Based on the results from the researchers’ model, patients developing relapsed hormone-refractory prostate tumors after androgen ablation therapy should be biopsied for expression level of Androgen Receptor (AR) protein in tumors. Intermittent Androgen Deprivation (IAD) and/or administration of exogenous androgen at a concentration 2500-3500 ng/dl will benefit patients with AR-rich relapsed tumors by suppressing tumor growth, improving quality of life, and reducing risks for cardiovascular diseases and diabetes. Combined treatment of androgen ablation therapy with anti-androgen causes a rapid and irreversible selection of more aggressive advanced prostate cancer cells. Exogenous androgen treatment can cause regression of these tumors and a subgroup of these tumors will disappear. Androgen deprivation therapy alone may promote a slow adaptation to androgen ablation-resistance, thus shortening the period of androgen deprivation therapy may retard the diseases progression and reduce side effects. Aromatase inhibitors should be considered in combination with androgen treatment to prevent the conversion of testosterone to estradiol (E2) by aromatase to avoid potential cardiac toxicity. Since several clinical trials already confirmed that testosterone is a safe, feasible, and reasonably well-tolerated therapy for men with early hormone-refractory prostate cancer, we believe that manipulating androgen/AR signaling can be a potential therapy for AR-positive advanced prostate cancer.
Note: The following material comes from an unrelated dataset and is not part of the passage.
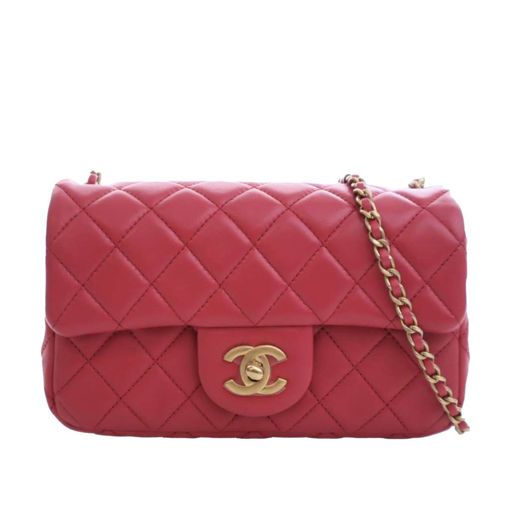 This crossbody bag features a quilted lambskin leather body, a leather woven chain shoulder strap with ball detail, a front flap with CC turn-lock closure, an exterior back slip pocket, and interior zip and slip pockets.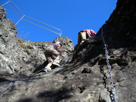 帰りの鎖場でおしゃべり坊やが恐怖感で固まっていたので大渋滞です。数分待ってやっと登れました。それにしても口が達者の天才児でした。

Chuu CP, Kokontis JM, Hiipakka RA, et al. Androgens as therapy for androgen receptor-positive castration-resistant prostate cancer. J Biomed Sci 2011;18:63. http://www.jbiomedsci.com/content/18/1/63

Prostate cancer is the most frequently diagnosed non-cutaneous tumor of men in Western countries. While surgery is often successful for organ-confined prostate cancer, androgen ablation therapy is the primary treatment for metastatic prostate cancer. However, this therapy is associated with several undesired side-effects, including increased risk of cardiovascular diseases. Shortening the period of androgen ablation therapy may benefit prostate cancer patients. Intermittent Androgen Deprivation therapy improves quality of life, reduces toxicity and medical costs, and delays disease progression in some patients.

Cell culture and xenograft studies using androgen receptor (AR)-positive castration-resistant human prostate cancers cells (LNCaP, ARCaP, and PC-3 cells over-expressing AR) suggest that androgens may suppress the growth of AR-rich prostate cancer cells. Androgens cause growth inhibition and G1 cell cycle arrest in these cells by regulating c-Myc, Skp2, and p27Kip via AR. Higher dosages of testosterone cause greater growth inhibition of relapsed tumors. Manipulating androgen/AR signaling may therefore be a potential therapy for AR-positive advanced prostate cancer.